Your instructions | Begin at the line containing "Rozkvetlé krokusy jsou symbolem jara." in the entries below and end at the line containing "2023-2024年度 友好地区ローターアクトクラブ 地区幹事"; transcribe that range exactly and nothing outside it.

Records provided |

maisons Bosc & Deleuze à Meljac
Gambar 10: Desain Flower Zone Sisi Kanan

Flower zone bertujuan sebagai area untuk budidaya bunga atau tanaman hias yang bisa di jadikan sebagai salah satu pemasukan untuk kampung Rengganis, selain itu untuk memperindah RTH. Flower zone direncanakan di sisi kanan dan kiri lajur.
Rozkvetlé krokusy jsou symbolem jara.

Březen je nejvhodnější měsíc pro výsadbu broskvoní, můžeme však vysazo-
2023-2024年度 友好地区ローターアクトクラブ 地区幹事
==
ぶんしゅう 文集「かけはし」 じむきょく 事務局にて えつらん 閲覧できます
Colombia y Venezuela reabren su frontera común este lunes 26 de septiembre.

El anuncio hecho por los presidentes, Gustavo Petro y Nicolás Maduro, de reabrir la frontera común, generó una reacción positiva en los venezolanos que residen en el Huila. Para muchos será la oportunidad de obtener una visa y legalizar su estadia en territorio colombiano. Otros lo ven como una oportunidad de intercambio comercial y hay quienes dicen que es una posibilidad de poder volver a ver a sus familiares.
==
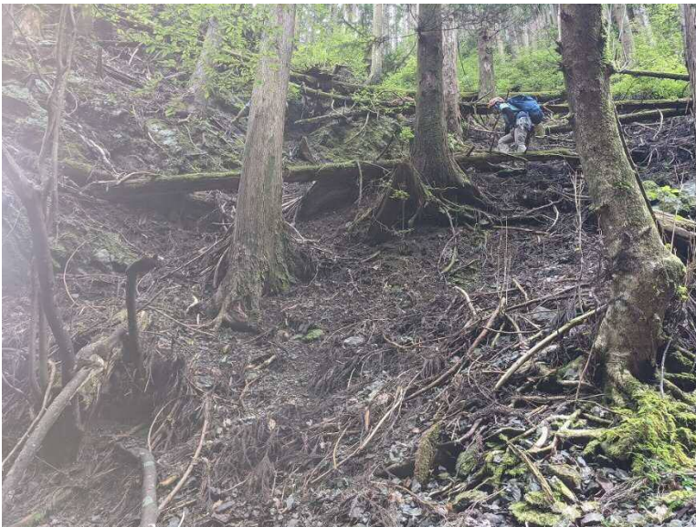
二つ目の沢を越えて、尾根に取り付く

Exercise solution |
Rozkvetlé krokusy jsou symbolem jara.

Březen je nejvhodnější měsíc pro výsadbu broskvoní, můžeme však vysazo-
2023-2024年度 友好地区ローターアクトクラブ 地区幹事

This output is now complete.